_Exercise details_
In your reply, print every line of the listing exactly and omit all images.

_Dataset extract_
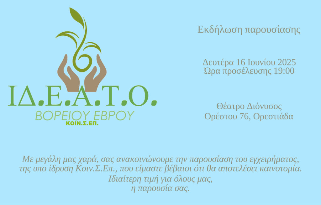 Εκδήλωση παρουσίασης της υπό ίδρυση Κοιν.Σ.Επ. “ΙΔ.Ε.Α.Τ.Ο. ΒΟΡΕΙΟΥ ΕΒΡΟΥ” θα πραγματοποιηθεί την Δευτέρα 16 Ιουνίου 2025 και ώρα 19:00, στην Ορεστιάδα, στο Θέατρο Διόνυσος (Ορέστου 76)
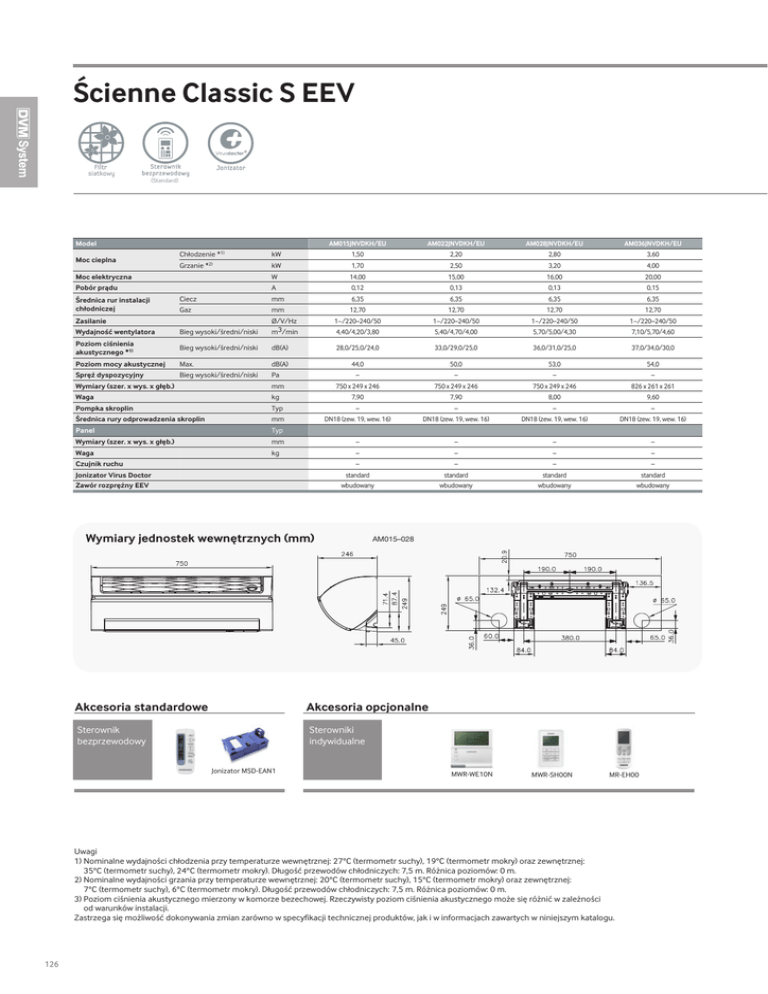 Ścienne Classic S EEV siatkowy (Standard) Model Moc cieplna AM015JNVDKH/EU AM022JNVDKH/EU AM028JNVDKH/EU AM036JNVDKH/EU Chłodzenie *1) kW 1,50 2,20 2,80 3,60 Grzanie *2) kW 1,70 2,50 3,20 4,00 W 14,00 15,00 16,00 20,00 0,15 Moc elektryczna Pobór prądu Średnica rur instalacji chłodniczej A 0,12 0,13 0,13 Ciecz mm 6,35 6,35 6,35 6,35 Gaz mm 12,70 12,70 12,70 12,70 Ø/V/Hz m3/min 1~/220–240/50 1~/220–240/50 1~/220–240/50 1~/220–240/50 Bieg wysoki/średni/niski 4,40/4,20/3,80 5,40/4,70/4,00 5,70/5,00/4,30 7,10/5,70/4,60 Zasilanie Wydajność wentylatora Poziom ciśnienia akustycznego *1) Bieg wysoki/średni/niski dB(A) 28,0/25,0/24,0 33,0/29,0/25,0 36,0/31,0/25,0 37,0/34,0/30,0 Poziom mocy akustycznej Max. dB(A) 44,0 50,0 53,0 54,0 Spręż dyspozycyjny Bieg wysoki/średni/niski Pa – – – – 750 x 249 x 246 750 x 249 x 246 750 x 249 x 246 826 x 261 x 261 9,60 Wymiary (szer. x wys. x głęb.) mm Waga kg 7,90 7,90 8,00 Pompka skroplin Typ – – – – Średnica rury odprowadzenia skroplin mm DN18 (zew. 19, wew. 16) DN18 (zew. 19, wew. 16) DN18 (zew. 19, wew. 16) DN18 (zew. 19, wew. 16) Panel Typ Wymiary (szer. x wys. x głęb.) mm – – – – Waga kg – – – – – – – – standard wbudowany standard wbudowany standard wbudowany standard wbudowany Czujnik ruchu Jonizator Virus Doctor Zawór rozprężny EEV Wymiary jednostek wewnętrznych (mm) AM015–028 Akcesoria standardowe Akcesoria opcjonalne Sterownik bezprzewodowy Sterowniki indywidualne Jonizator MSD-EAN1 MWR-WE10N MWR-SH00N MR-EH00 Uwagi 1) Nominalne wydajności chłodzenia przy temperaturze wewnętrznej: 27°C (termometr suchy), 19°C (termometr mokry) oraz zewnętrznej: 35°C (termometr suchy), 24°C (termometr mokry). Długość przewodów chłodniczych: 7,5 m. Różnica poziomów: 0 m. 2) Nominalne wydajności grzania przy temperaturze wewnętrznej: 20°C (termometr suchy), 15°C (termometr mokry) oraz zewnętrznej: 7°C (termometr suchy), 6°C (termometr mokry). Długość przewodów chłodniczych: 7,5 m. Różnica poziomów: 0 m. 3) Poziom ciśnienia akustycznego mierzony w komorze bezechowej. Rzeczywisty poziom ciśnienia akustycznego może się różnić w zależności od warunków instalacji. Zastrzega się możliwość dokonywania zmian zarówno w specyfikacji technicznej produktów, jak i w informacjach zawartych w niniejszym katalogu. 126 Model Moc cieplna AM045JNVDKH/EU AM056JNVDKH/EU AM071JNVDKH/EU AM082JNVDKH/EU Chłodzenie *1) kW 4,50 5,60 7,10 8,20 Grzanie *2) kW 5,00 6,30 8,00 8,50 W 31,00 27,00 41,00 55,00 0,42 Moc elektryczna Pobór prądu Średnica rur instalacji chłodniczej A 0,24 0,21 0,31 Ciecz mm 6,35 6,35 9,52 9,52 Gaz mm 12,70 12,70 15,88 15,88 Ø/V/Hz m3/min 1~/220–240/50 1~/220–240/50 1~/220–240/50 1~/220–240/50 Bieg wysoki/średni/niski 8,90/7,50/6,00 11,80/10,00/8,20 14,80/12,40/10,00 16,70/14,30/12,40 Zasilanie Wydajność wentylatora Poziom ciśnienia akustycznego *1) Bieg wysoki/średni/niski dB(A) 41,0/38,0/34,0 39,0/36,0/33,0 44,0/41,0/36,0 47,0/43,0/40,0 Poziom mocy akustycznej Max. dB(A) 57,0 57,0 61,0 65,0 Spręż dyspozycyjny Bieg wysoki/średni/niski Pa – – – – 826 x 261 x 261 1065 x 301 x 294 1065 x 301 x 294 1065 x 301 x 294 14,50 mm Waga kg 9,60 14,50 14,50 Pompka skroplin Typ – – – – Średnica rury odprowadzenia skroplin mm DN18 (zew. 19, wew. 16) DN18 (zew. 19, wew. 16) DN18 (zew. 19, wew. 16) DN18 (zew. 19, wew. 16) Panel Typ Wymiary (szer. x wys. x głęb.) mm – – – – Waga kg – – – – – – – – standard wbudowany standard wbudowany standard wbudowany standard wbudowany Czujnik ruchu Jonizator Virus Doctor Zawór rozprężny EEV Jednostki wewnętrzne Wymiary (szer. x wys. x głęb.) Wymiary jednostek wewnętrznych (mm) M036–045 AM056–082 Uwagi 1) Nominalne wydajności chłodzenia przy temperaturze wewnętrznej: 27°C (termometr suchy), 19°C (termometr mokry) oraz zewnętrznej: 35°C (termometr suchy), 24°C (termometr mokry). Długość przewodów chłodniczych: 7,5 m. Różnica poziomów: 0 m. 2) Nominalne wydajności grzania przy temperaturze wewnętrznej: 20°C (termometr suchy), 15°C (termometr mokry) oraz zewnętrznej: 7°C (termometr suchy), 6°C (termometr mokry). Długość przewodów chłodniczych: 7,5 m. Różnica poziomów: 0 m. 3) Poziom ciśnienia akustycznego mierzony w komorze bezechowej. Rzeczywisty poziom ciśnienia akustycznego może się różnić w zależności od warunków instalacji. Zastrzega się możliwość dokonywania zmian zarówno w specyfikacji technicznej produktów, jak i w informacjach zawartych w niniejszym katalogu. Systemy klimatyzacji SAMSUNG 2015 127
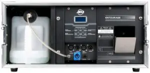 The ADJ Entourage is a professional grade touring Faze Machine built into a durable flight case. This pro Fazer offers a very quick warm-up time and produces a massive amount of atmosphere. The Entourage features an easy to read LED function display with fog timer, continuous fog and manual fog options. Connections include 3-pin and 5-pin DMX and PowerCon AC input. Uses high quality water based fog fluid.
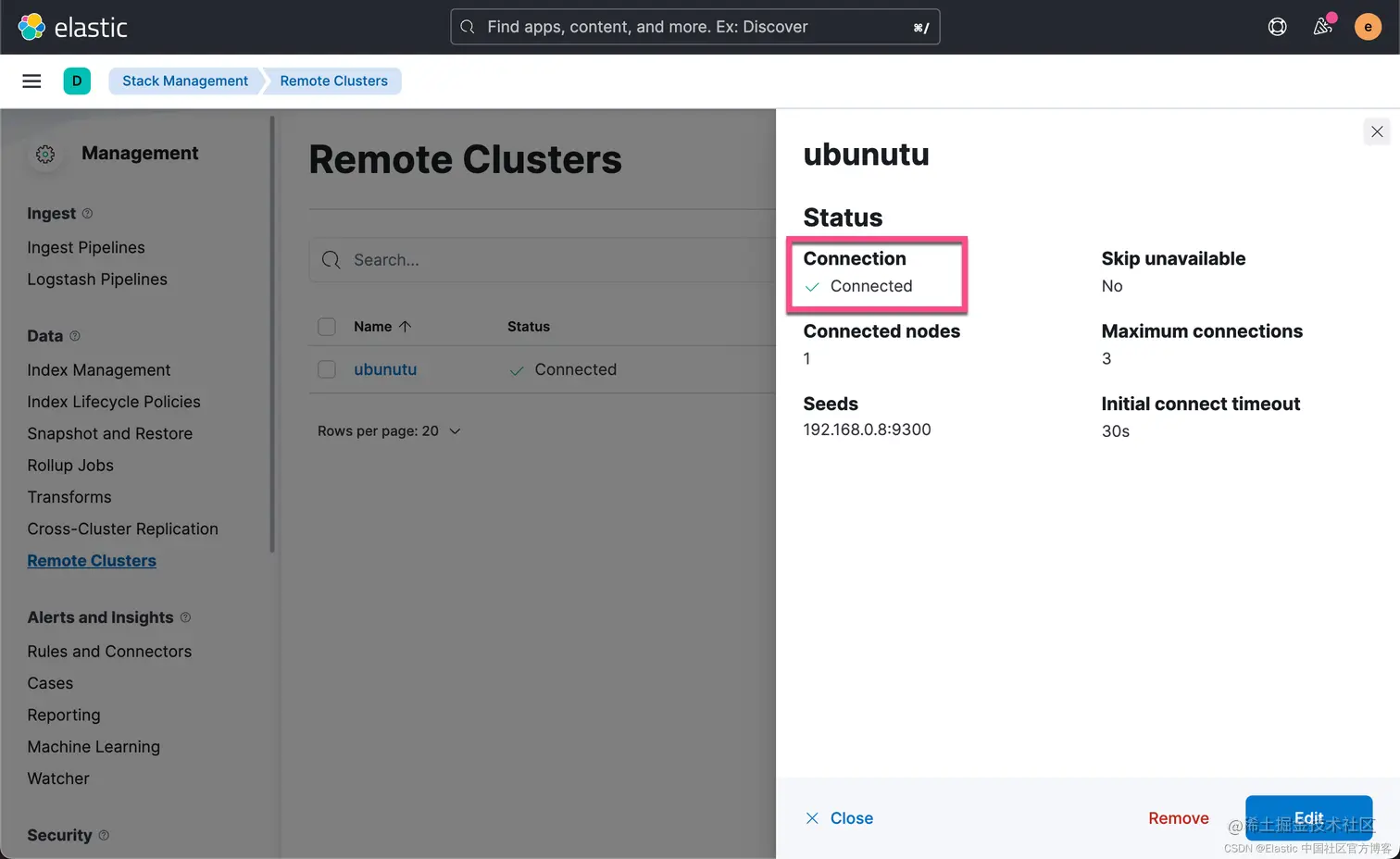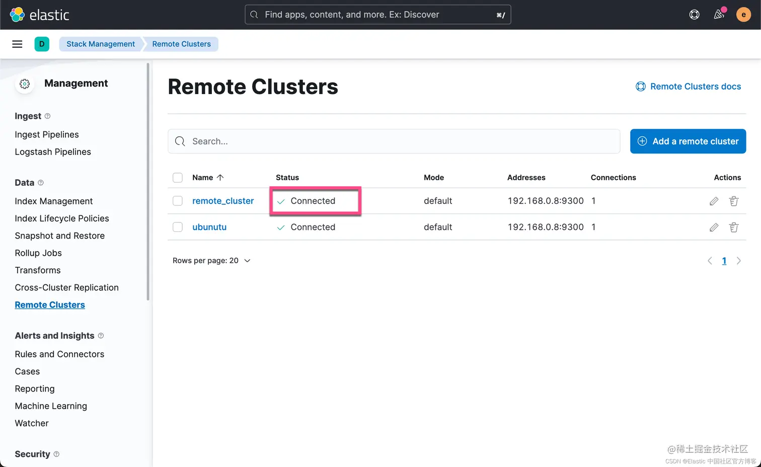 上面显示我们的连接是成功的。当然,我们也可以在 Kibana 的界面中进行查看:

_Task answer_
 Εκδήλωση παρουσίασης της υπό ίδρυση Κοιν.Σ.Επ. “ΙΔ.Ε.Α.Τ.Ο. ΒΟΡΕΙΟΥ ΕΒΡΟΥ” θα πραγματοποιηθεί την Δευτέρα 16 Ιουνίου 2025 και ώρα 19:00, στην Ορεστιάδα, στο Θέατρο Διόνυσος (Ορέστου 76)
 Ścienne Classic S EEV siatkowy (Standard) Model Moc cieplna AM015JNVDKH/EU AM022JNVDKH/EU AM028JNVDKH/EU AM036JNVDKH/EU Chłodzenie *1) kW 1,50 2,20 2,80 3,60 Grzanie *2) kW 1,70 2,50 3,20 4,00 W 14,00 15,00 16,00 20,00 0,15 Moc elektryczna Pobór prądu Średnica rur instalacji chłodniczej A 0,12 0,13 0,13 Ciecz mm 6,35 6,35 6,35 6,35 Gaz mm 12,70 12,70 12,70 12,70 Ø/V/Hz m3/min 1~/220–240/50 1~/220–240/50 1~/220–240/50 1~/220–240/50 Bieg wysoki/średni/niski 4,40/4,20/3,80 5,40/4,70/4,00 5,70/5,00/4,30 7,10/5,70/4,60 Zasilanie Wydajność wentylatora Poziom ciśnienia akustycznego *1) Bieg wysoki/średni/niski dB(A) 28,0/25,0/24,0 33,0/29,0/25,0 36,0/31,0/25,0 37,0/34,0/30,0 Poziom mocy akustycznej Max. dB(A) 44,0 50,0 53,0 54,0 Spręż dyspozycyjny Bieg wysoki/średni/niski Pa – – – – 750 x 249 x 246 750 x 249 x 246 750 x 249 x 246 826 x 261 x 261 9,60 Wymiary (szer. x wys. x głęb.) mm Waga kg 7,90 7,90 8,00 Pompka skroplin Typ – – – – Średnica rury odprowadzenia skroplin mm DN18 (zew. 19, wew. 16) DN18 (zew. 19, wew. 16) DN18 (zew. 19, wew. 16) DN18 (zew. 19, wew. 16) Panel Typ Wymiary (szer. x wys. x głęb.) mm – – – – Waga kg – – – – – – – – standard wbudowany standard wbudowany standard wbudowany standard wbudowany Czujnik ruchu Jonizator Virus Doctor Zawór rozprężny EEV Wymiary jednostek wewnętrznych (mm) AM015–028 Akcesoria standardowe Akcesoria opcjonalne Sterownik bezprzewodowy Sterowniki indywidualne Jonizator MSD-EAN1 MWR-WE10N MWR-SH00N MR-EH00 Uwagi 1) Nominalne wydajności chłodzenia przy temperaturze wewnętrznej: 27°C (termometr suchy), 19°C (termometr mokry) oraz zewnętrznej: 35°C (termometr suchy), 24°C (termometr mokry). Długość przewodów chłodniczych: 7,5 m. Różnica poziomów: 0 m. 2) Nominalne wydajności grzania przy temperaturze wewnętrznej: 20°C (termometr suchy), 15°C (termometr mokry) oraz zewnętrznej: 7°C (termometr suchy), 6°C (termometr mokry). Długość przewodów chłodniczych: 7,5 m. Różnica poziomów: 0 m. 3) Poziom ciśnienia akustycznego mierzony w komorze bezechowej. Rzeczywisty poziom ciśnienia akustycznego może się różnić w zależności od warunków instalacji. Zastrzega się możliwość dokonywania zmian zarówno w specyfikacji technicznej produktów, jak i w informacjach zawartych w niniejszym katalogu. 126 Model Moc cieplna AM045JNVDKH/EU AM056JNVDKH/EU AM071JNVDKH/EU AM082JNVDKH/EU Chłodzenie *1) kW 4,50 5,60 7,10 8,20 Grzanie *2) kW 5,00 6,30 8,00 8,50 W 31,00 27,00 41,00 55,00 0,42 Moc elektryczna Pobór prądu Średnica rur instalacji chłodniczej A 0,24 0,21 0,31 Ciecz mm 6,35 6,35 9,52 9,52 Gaz mm 12,70 12,70 15,88 15,88 Ø/V/Hz m3/min 1~/220–240/50 1~/220–240/50 1~/220–240/50 1~/220–240/50 Bieg wysoki/średni/niski 8,90/7,50/6,00 11,80/10,00/8,20 14,80/12,40/10,00 16,70/14,30/12,40 Zasilanie Wydajność wentylatora Poziom ciśnienia akustycznego *1) Bieg wysoki/średni/niski dB(A) 41,0/38,0/34,0 39,0/36,0/33,0 44,0/41,0/36,0 47,0/43,0/40,0 Poziom mocy akustycznej Max. dB(A) 57,0 57,0 61,0 65,0 Spręż dyspozycyjny Bieg wysoki/średni/niski Pa – – – – 826 x 261 x 261 1065 x 301 x 294 1065 x 301 x 294 1065 x 301 x 294 14,50 mm Waga kg 9,60 14,50 14,50 Pompka skroplin Typ – – – – Średnica rury odprowadzenia skroplin mm DN18 (zew. 19, wew. 16) DN18 (zew. 19, wew. 16) DN18 (zew. 19, wew. 16) DN18 (zew. 19, wew. 16) Panel Typ Wymiary (szer. x wys. x głęb.) mm – – – – Waga kg – – – – – – – – standard wbudowany standard wbudowany standard wbudowany standard wbudowany Czujnik ruchu Jonizator Virus Doctor Zawór rozprężny EEV Jednostki wewnętrzne Wymiary (szer. x wys. x głęb.) Wymiary jednostek wewnętrznych (mm) M036–045 AM056–082 Uwagi 1) Nominalne wydajności chłodzenia przy temperaturze wewnętrznej: 27°C (termometr suchy), 19°C (termometr mokry) oraz zewnętrznej: 35°C (termometr suchy), 24°C (termometr mokry). Długość przewodów chłodniczych: 7,5 m. Różnica poziomów: 0 m. 2) Nominalne wydajności grzania przy temperaturze wewnętrznej: 20°C (termometr suchy), 15°C (termometr mokry) oraz zewnętrznej: 7°C (termometr suchy), 6°C (termometr mokry). Długość przewodów chłodniczych: 7,5 m. Różnica poziomów: 0 m. 3) Poziom ciśnienia akustycznego mierzony w komorze bezechowej. Rzeczywisty poziom ciśnienia akustycznego może się różnić w zależności od warunków instalacji. Zastrzega się możliwość dokonywania zmian zarówno w specyfikacji technicznej produktów, jak i w informacjach zawartych w niniejszym katalogu. Systemy klimatyzacji SAMSUNG 2015 127
 The ADJ Entourage is a professional grade touring Faze Machine built into a durable flight case. This pro Fazer offers a very quick warm-up time and produces a massive amount of atmosphere. The Entourage features an easy to read LED function display with fog timer, continuous fog and manual fog options. Connections include 3-pin and 5-pin DMX and PowerCon AC input. Uses high quality water based fog fluid.
 上面显示我们的连接是成功的。当然,我们也可以在 Kibana 的界面中进行查看:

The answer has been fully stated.